Exercise brief>
Images do not belong in the copy. Set down all the entries exactly.

§

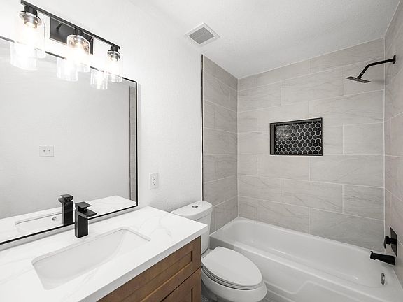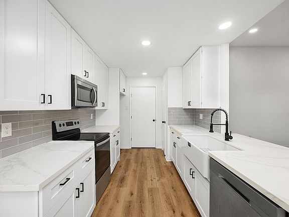 Beautifully renovated 1 story home features 3 bedrooms, 2 full baths, and a spacious 2-car garage, all zoned to highly-rated Katy ISD. Open floor plan with kitchen overlooking the living room. Living room features cathedral ceilings, loads of natural light and corner fireplace! In the kitchen, you'll find brand new white shaker cabinets, stunning quartz countertops, a farmhouse sink, and brand-new SS appliances. Enjoy the brand new vinyl plank flooring NO CARPET, upgraded light fixtures, ceiling fans, and matching door hardware. The oversized primary bedroom is perfect for a nursery or a home office. Primary bathroom features double sinks a large walk in shower, new vanity cabinets with quartz countertops. LOCATION, LOCATION, close to I-10, with restaurants, grocery shopping, and retail stores galore. Don't miss out on this stunning opportunity!
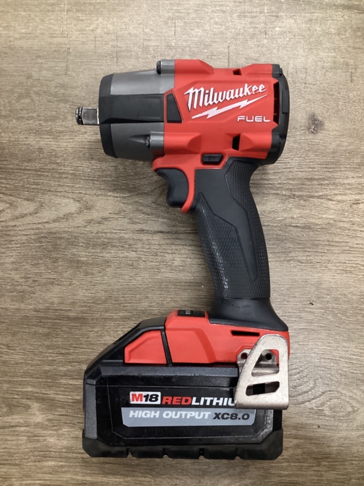 Milwaukee M18 Fuel Brushless 1/2" Mid-Torque Impact Wrench with M18 Red Lithium High Output XC 8.0 battery. A powerful, compact cordless tool known for its excellent power-to-weight ratio (650 ft-lbs nut-busting torque at 5.1 lbs with a 5.0Ah battery) and access in tight spaces due to its short 6" length, featuring a POWERSTATE brushless motor, Tri-LED lights, and 4-Mode DRIVE CONTROL with Auto Shut-Off and Bolt Removal modes for precise fastening in automotive and construction tasks.
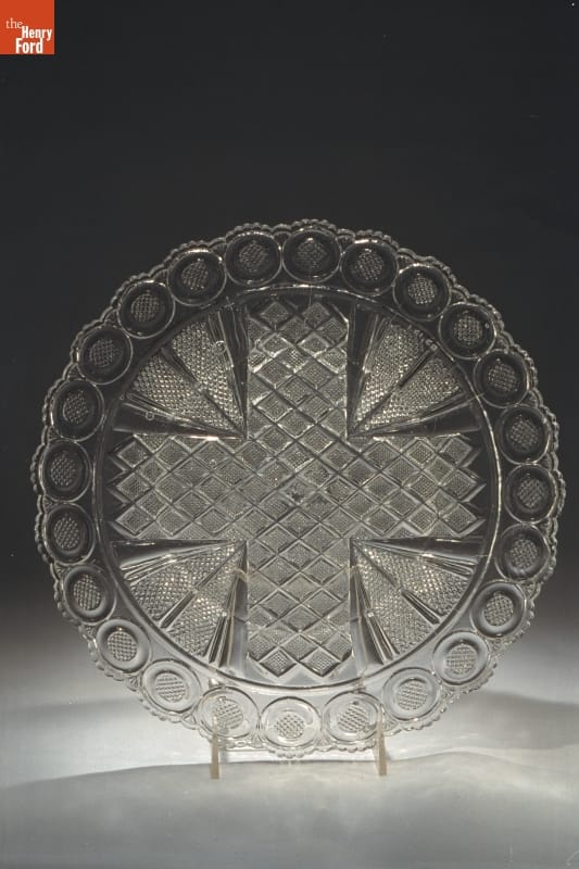 Mechanically pressed glass was an innovation in glass history, making decorative, "patterned" glass available to a broad audience. One of the earliest types of pressed glass, dating to the 1830s is known as "Lacy Glass". Complex stippled patterns were developed to help hide technical defects caused by early presses, when the glass gather was cut off and dropped into a mold.
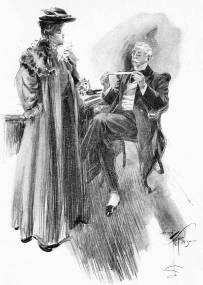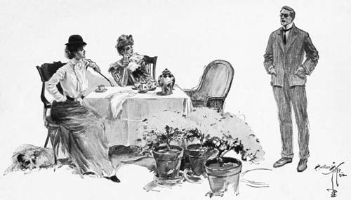 It was five o’clock in a late September afternoon. As usual, on the low table on the porch viewing the Italian garden at Beauvais Hall was the big tea tray with its array of antique silver and old porcelain, the cake and the toast and the slices of bread and butter.[327] Round it were Evelyn and Gwen and Frothingham—Gwen in a shirtwaist and riding skirt, Frothingham in the slovenly, baggy flannels of an English gentleman in the seclusion of his country-seat. No one was speaking and the quiet was profound. Presently Evelyn rose and went through the open French window into the drawing room. Gwen was watching Frothingham; he was watching the peacocks as they strutted with tails spread in splendour.
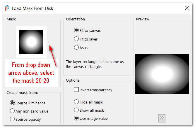 4. Layers/Load/Save Mask/Load Mask from Disk. From the drop down arrow, select Mask 20-20. Load. Merge/Merge Group. COPY.
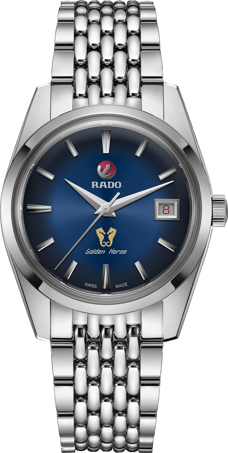 Phiên bản giới hạn: Phiên bản giới hạn gồm 1957 chiếc. Đúng như nguyên bản năm 1957, Golden Horse Limited Edition có vỏ 37 mm, mặt số cong và biểu tượng mỏ neo chuyển động đặc trưng của chúng tôi. Đó là dấu hiệu cho thấy chất lượng Rado do Thụy Sĩ sản xuất cũng như trước đây. Với khả năng dự trữ năng lượng vượt trội lên đến 80 giờ nhờ bộ máy ETA C07 chất lượng cao, đây là sự kết hợp hoàn hảo giữa quá khứ và hiện tại. Bộ máy: Tự động. Kích thước: 37,0mm. Tổng trọng lượng: 106 gam. Độ dày: 10,8 mm. Khả năng chống nước: Chống nước 5 bar (50 m). Pha lê: Tinh thể sapphire có lớp phủ chống phản chiếu. Quay số: màu xanh. Dự trữ năng lượng chuyển động: lên tới 80 giờ. Vòng đeo tay: Thép không gỉ

§

Answer for the task>
 Beautifully renovated 1 story home features 3 bedrooms, 2 full baths, and a spacious 2-car garage, all zoned to highly-rated Katy ISD. Open floor plan with kitchen overlooking the living room. Living room features cathedral ceilings, loads of natural light and corner fireplace! In the kitchen, you'll find brand new white shaker cabinets, stunning quartz countertops, a farmhouse sink, and brand-new SS appliances. Enjoy the brand new vinyl plank flooring NO CARPET, upgraded light fixtures, ceiling fans, and matching door hardware. The oversized primary bedroom is perfect for a nursery or a home office. Primary bathroom features double sinks a large walk in shower, new vanity cabinets with quartz countertops. LOCATION, LOCATION, close to I-10, with restaurants, grocery shopping, and retail stores galore. Don't miss out on this stunning opportunity!
 Milwaukee M18 Fuel Brushless 1/2" Mid-Torque Impact Wrench with M18 Red Lithium High Output XC 8.0 battery. A powerful, compact cordless tool known for its excellent power-to-weight ratio (650 ft-lbs nut-busting torque at 5.1 lbs with a 5.0Ah battery) and access in tight spaces due to its short 6" length, featuring a POWERSTATE brushless motor, Tri-LED lights, and 4-Mode DRIVE CONTROL with Auto Shut-Off and Bolt Removal modes for precise fastening in automotive and construction tasks.
 Mechanically pressed glass was an innovation in glass history, making decorative, "patterned" glass available to a broad audience. One of the earliest types of pressed glass, dating to the 1830s is known as "Lacy Glass". Complex stippled patterns were developed to help hide technical defects caused by early presses, when the glass gather was cut off and dropped into a mold.
 It was five o’clock in a late September afternoon. As usual, on the low table on the porch viewing the Italian garden at Beauvais Hall was the big tea tray with its array of antique silver and old porcelain, the cake and the toast and the slices of bread and butter.[327] Round it were Evelyn and Gwen and Frothingham—Gwen in a shirtwaist and riding skirt, Frothingham in the slovenly, baggy flannels of an English gentleman in the seclusion of his country-seat. No one was speaking and the quiet was profound. Presently Evelyn rose and went through the open French window into the drawing room. Gwen was watching Frothingham; he was watching the peacocks as they strutted with tails spread in splendour.
 4. Layers/Load/Save Mask/Load Mask from Disk. From the drop down arrow, select Mask 20-20. Load. Merge/Merge Group. COPY.
 Phiên bản giới hạn: Phiên bản giới hạn gồm 1957 chiếc. Đúng như nguyên bản năm 1957, Golden Horse Limited Edition có vỏ 37 mm, mặt số cong và biểu tượng mỏ neo chuyển động đặc trưng của chúng tôi. Đó là dấu hiệu cho thấy chất lượng Rado do Thụy Sĩ sản xuất cũng như trước đây. Với khả năng dự trữ năng lượng vượt trội lên đến 80 giờ nhờ bộ máy ETA C07 chất lượng cao, đây là sự kết hợp hoàn hảo giữa quá khứ và hiện tại. Bộ máy: Tự động. Kích thước: 37,0mm. Tổng trọng lượng: 106 gam. Độ dày: 10,8 mm. Khả năng chống nước: Chống nước 5 bar (50 m). Pha lê: Tinh thể sapphire có lớp phủ chống phản chiếu. Quay số: màu xanh. Dự trữ năng lượng chuyển động: lên tới 80 giờ. Vòng đeo tay: Thép không gỉ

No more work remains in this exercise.